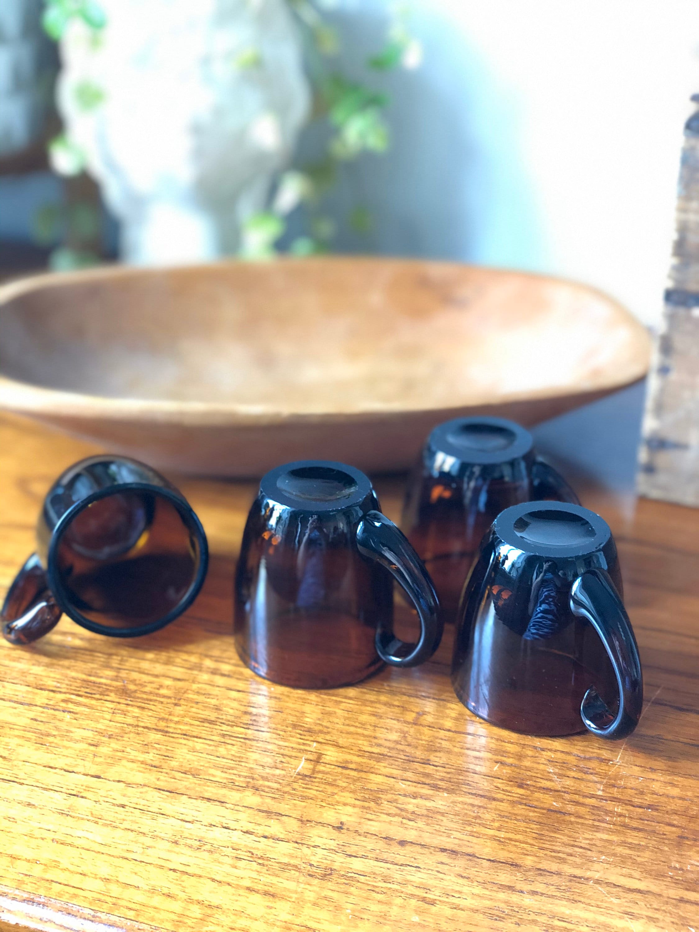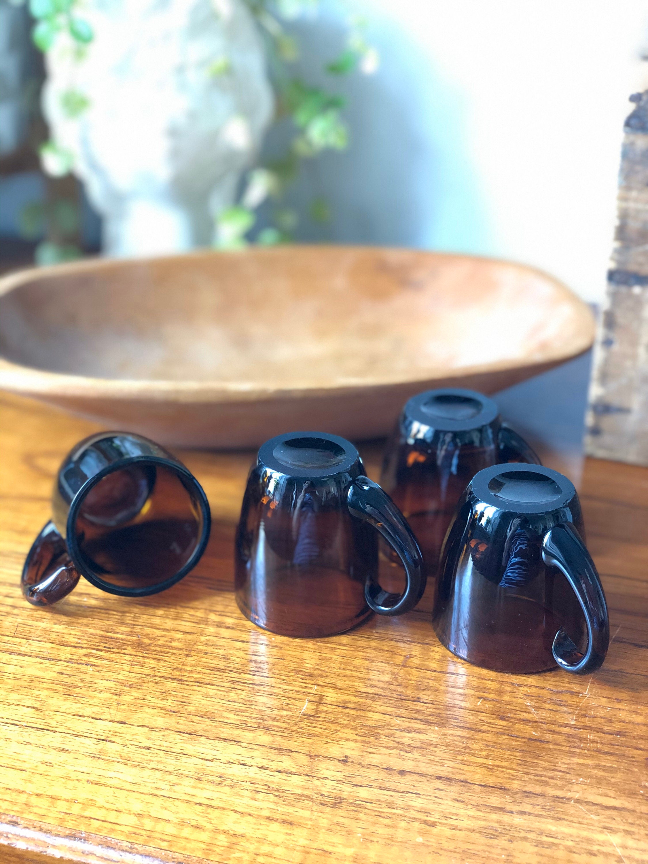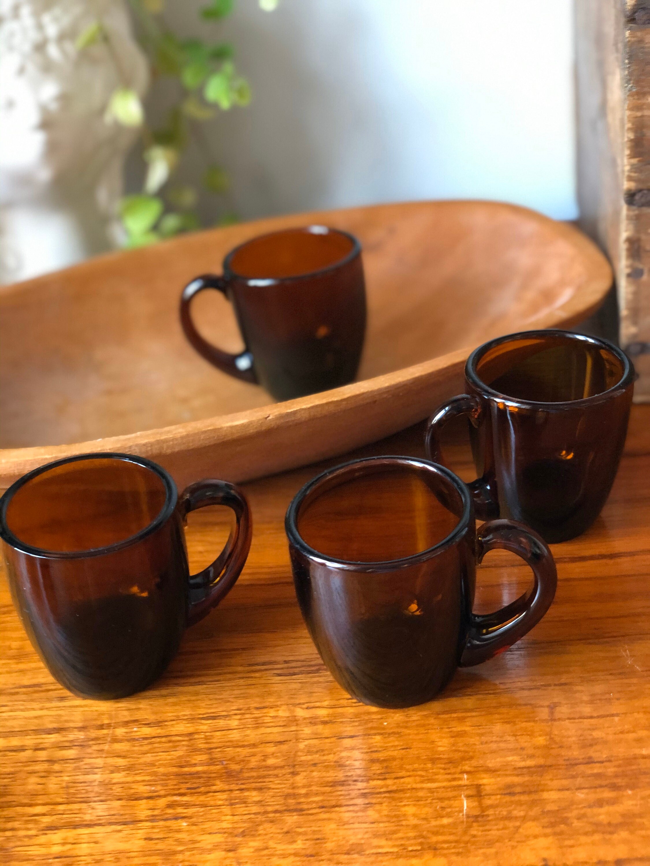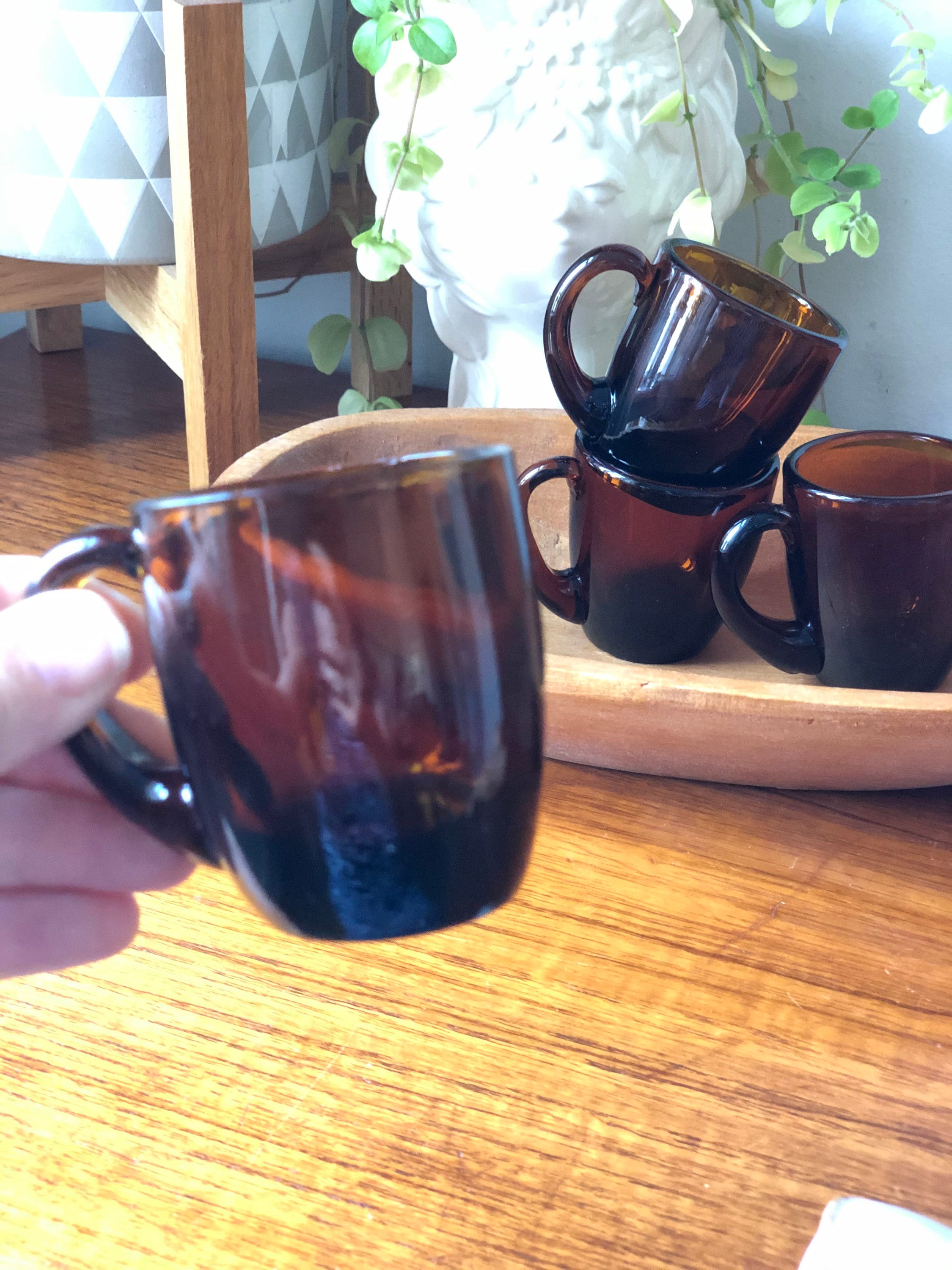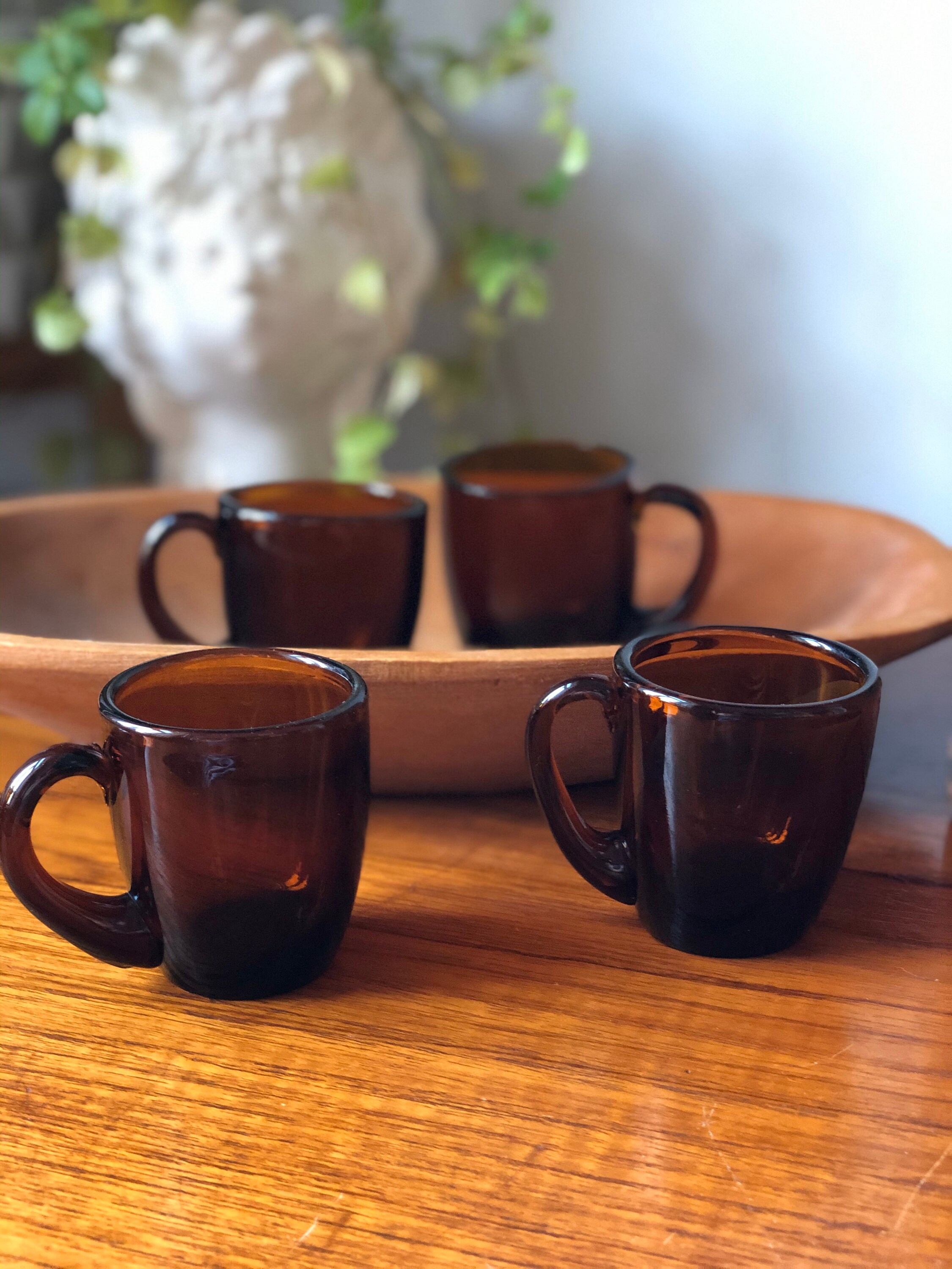 They are handblown amber glass with a handle. These glasses are a great example of Scandinavian quality glass. They are so retro and will look great on display as well as when you are using them.
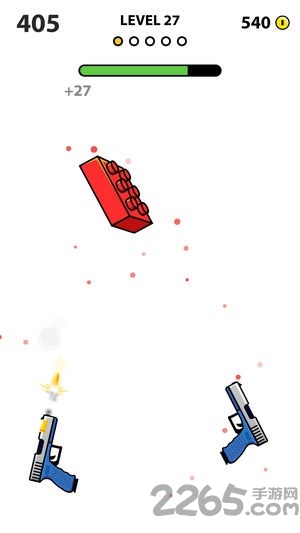玩家将会以独特的第二人称视角来控制两把手枪,并用类似于fc游戏的玩法将游戏中出现的任何东西不断的打击飞到空中不让它掉落~玩法较为轻松,但比较考验玩家的注意力集中程度。
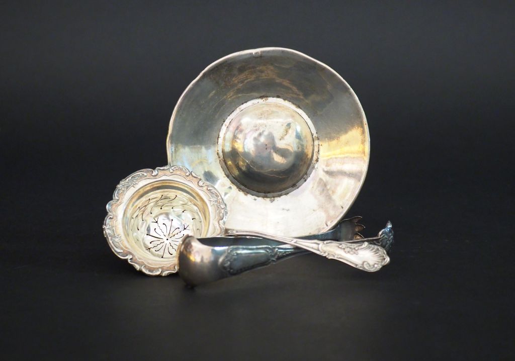 Taste vin en argent, une pince à sucre en argent poinçon Minerve, une passette à thé Napoléon III en argent poinçon Minerve. Poids : 122 g
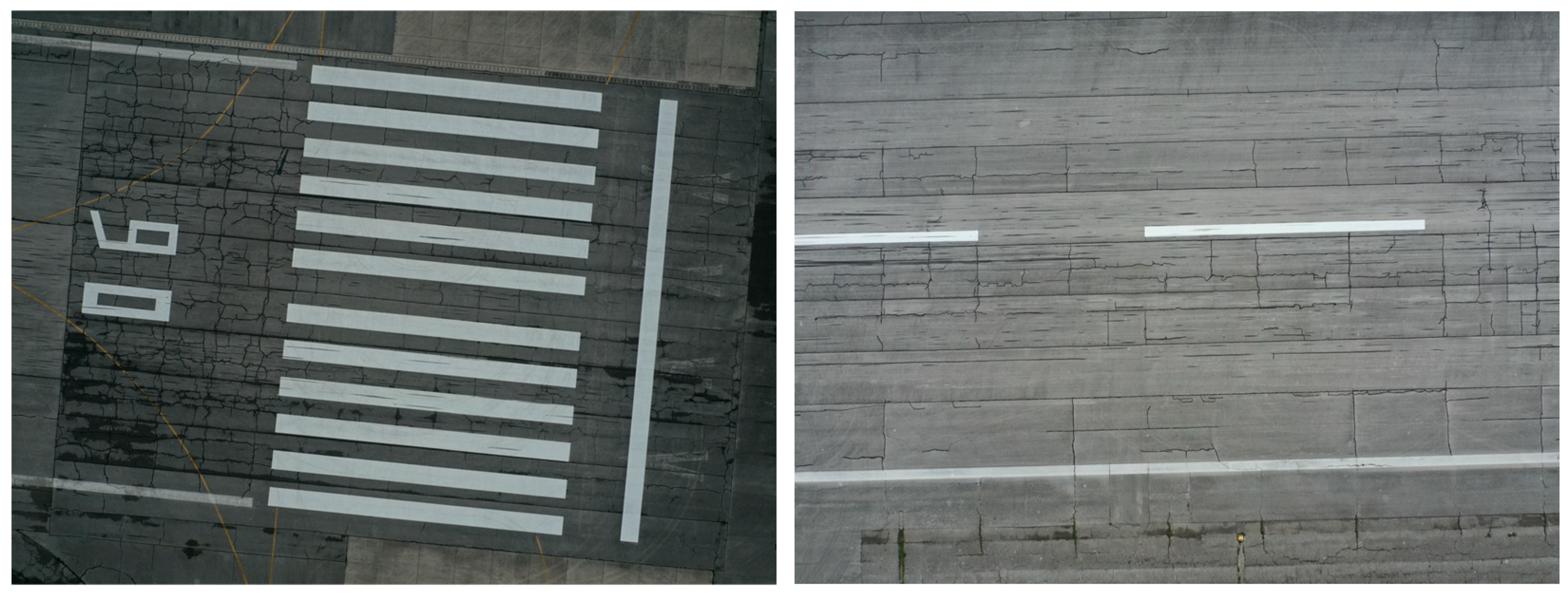 To ensure that the proposed model can be generalized for real-world practical applications, images were intentionally captured under diverse environmental conditions, including various lighting scenarios (e.g., sunny, cloudy, low-angle light) and mild weather variations (e.g., light winds and moderate humidity). The surveys also covered both runways and taxiways with different surface ages, maintenance background (including the presence of sealed cracks), and textures.
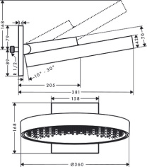 - шарнирное соединение: регулируемый угол верхнего душа (2 x 5°)
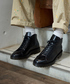 天候を意識したコーデ。 撥水機能の付いた機能性高いアウターにガラスレザーのブーツ。 テイストを合わせてカーキパンツでアウトドア風味を。
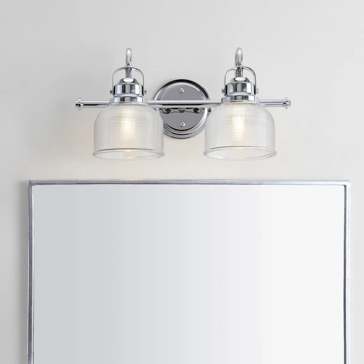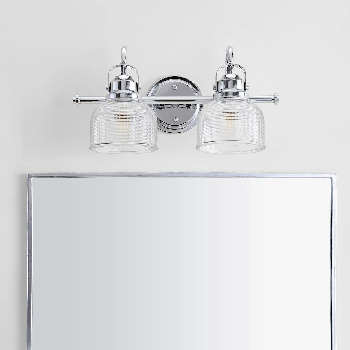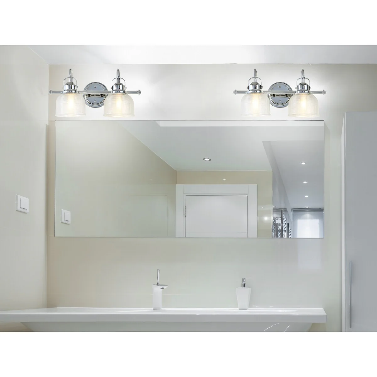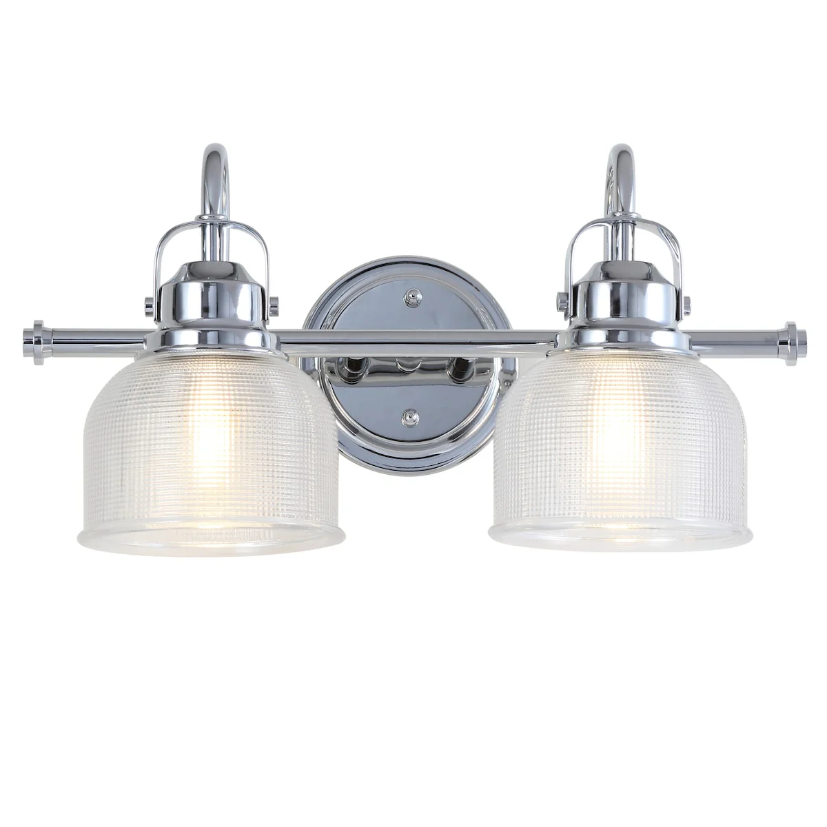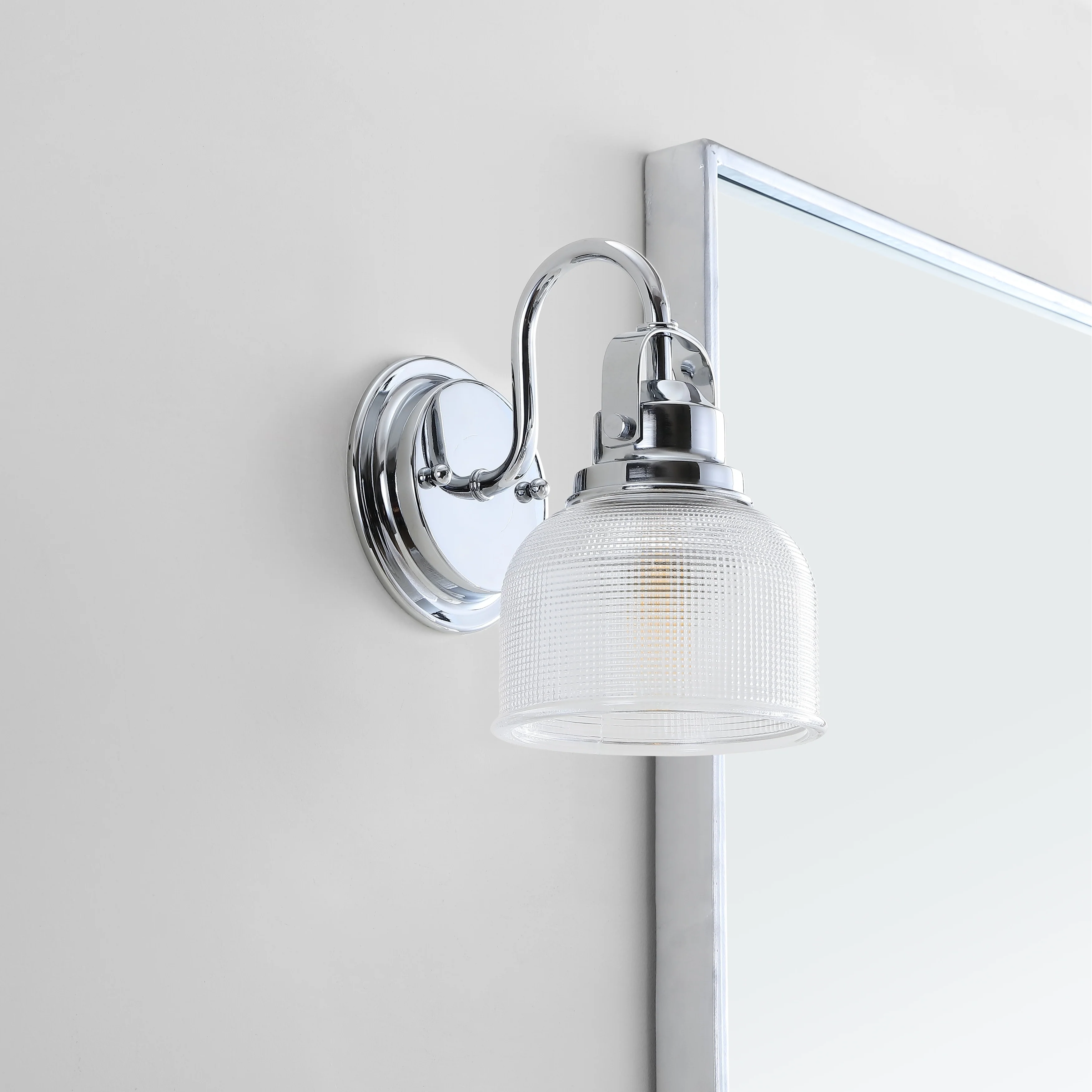 - Textured glass and polished chrome come together to create a chic, classic combination for this sconce

========================================================================

Problem to solve |
From the records above, transcribe only the stretch from the line with "玩家将会以独特的第二人称视角" through the line with "To ensure that", keeping both ends. Omit pictures.

Completed task |
玩家将会以独特的第二人称视角来控制两把手枪,并用类似于fc游戏的玩法将游戏中出现的任何东西不断的打击飞到空中不让它掉落~玩法较为轻松,但比较考验玩家的注意力集中程度。
 Taste vin en argent, une pince à sucre en argent poinçon Minerve, une passette à thé Napoléon III en argent poinçon Minerve. Poids : 122 g
 To ensure that the proposed model can be generalized for real-world practical applications, images were intentionally captured under diverse environmental conditions, including various lighting scenarios (e.g., sunny, cloudy, low-angle light) and mild weather variations (e.g., light winds and moderate humidity). The surveys also covered both runways and taxiways with different surface ages, maintenance background (including the presence of sealed cracks), and textures.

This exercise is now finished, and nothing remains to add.